I believe it is a good point that TW is barely exposed to South East and not exposed to London. It seems to me, TW is tarnished with the same brush for something it is not really exposed to; the South/East and London potential bubble. I will hold for the generous forward dividend, low forward P/E and the fact TW constructs something where demand far outpaces supply.
I had 100k to put on this share.could make 10% profit every few weeks buying and selling.this share has heen so predictable this past year but unfortunately I haven't so I'm just in the waiting game for my £2 exit point.
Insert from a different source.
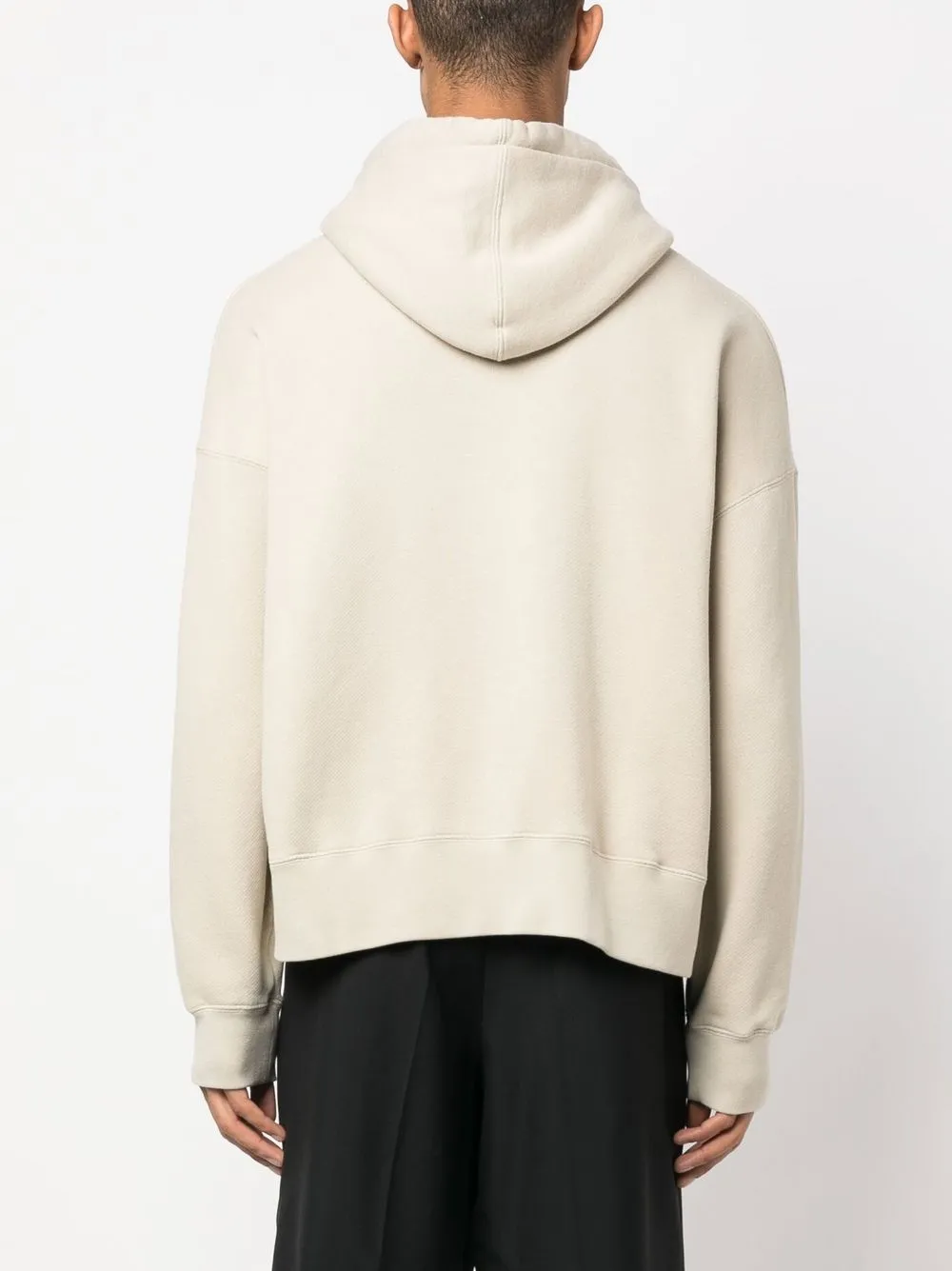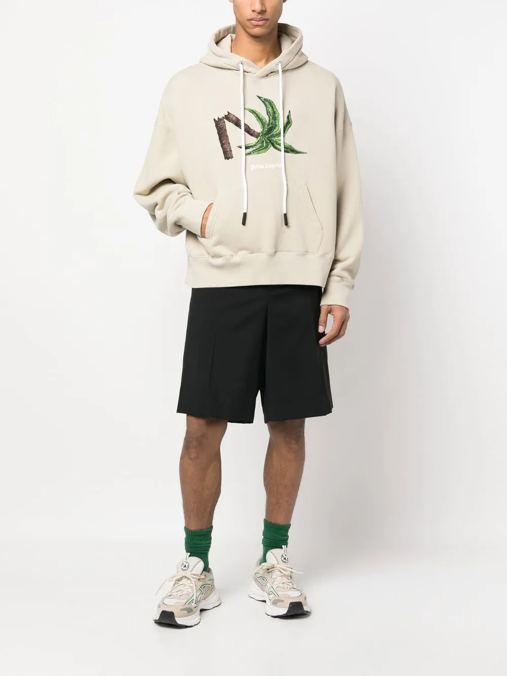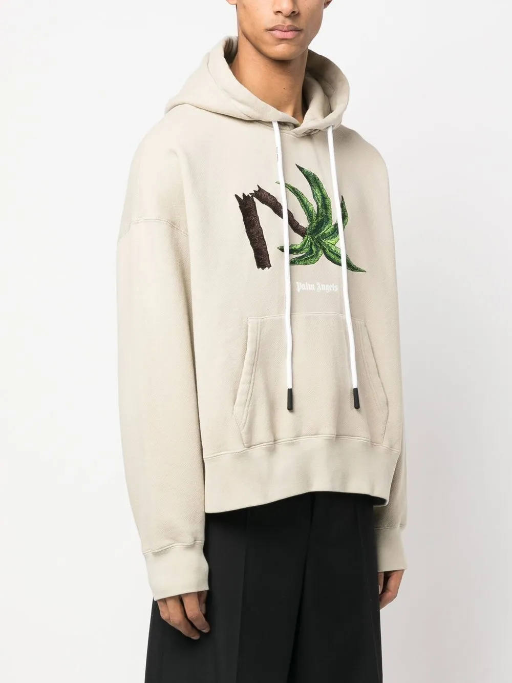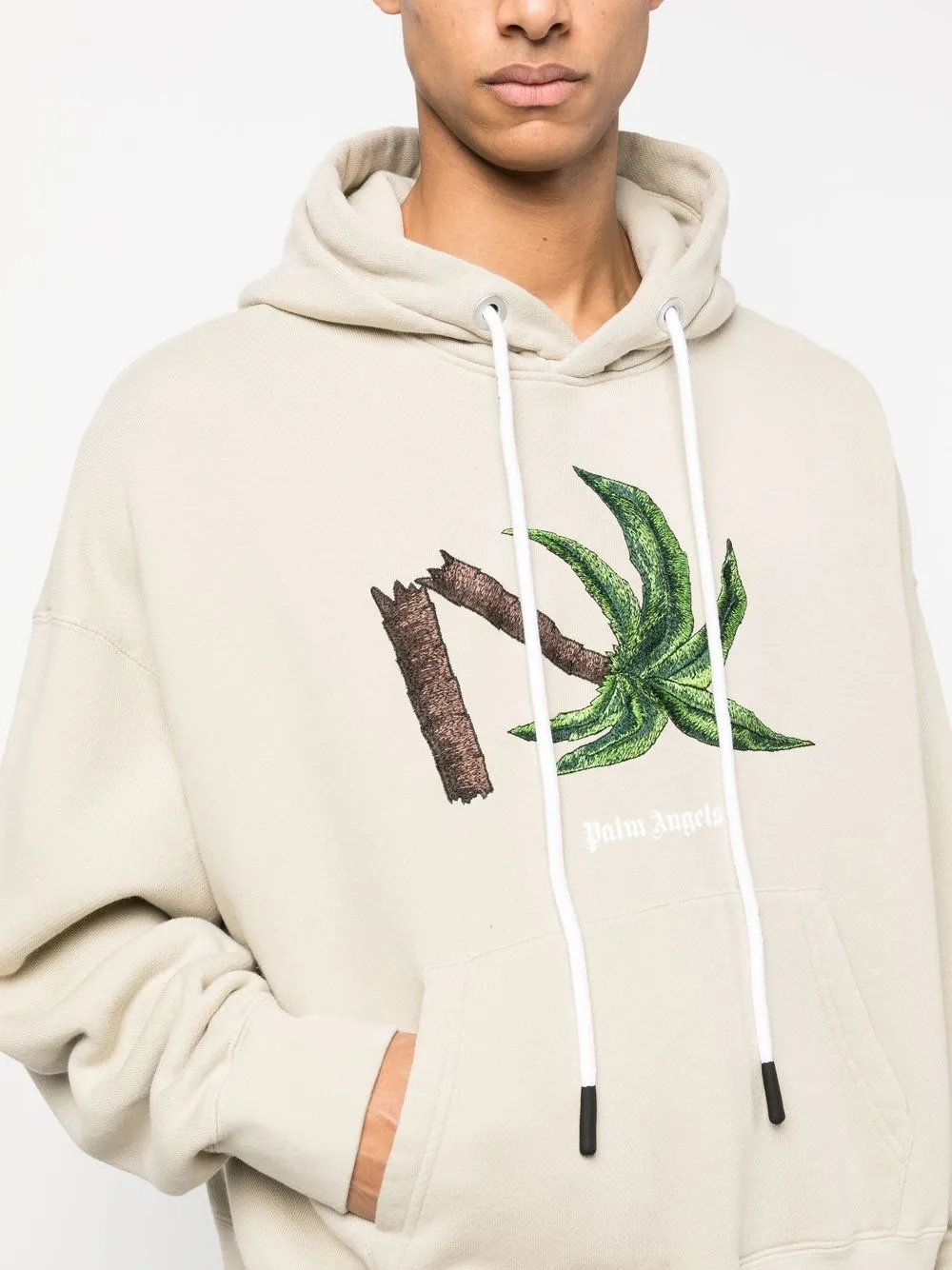 Бежевый, хлопок, принт с изображением пальм, логотип спереди, затягивающийся на шнурок капюшон, длинные рукава и карман-муфта.

Such a shame the market is pulling this share down, as a company its doing all the right things, delivering all good news, making growing profits. I will be topping up soon as imo it will come back nicely to the 1.20's.
Yeah and then the article goes on to say " traders taking profits given the rich valuation" clearly market is getting tiredly mr Redfern's steady as she goes jam tomorrow message . He was quick enough to stiff his shareholders when he and the company were about to get panned.
Analysts at house broker Jefferies - inspired by the World Cup - said: “At half time there is no nervousness or need for a strong pep talk from team boss Redfern. They have left Persimmon with a lot to do in the second half and we suspect that nerves on the Barratt bench are high.”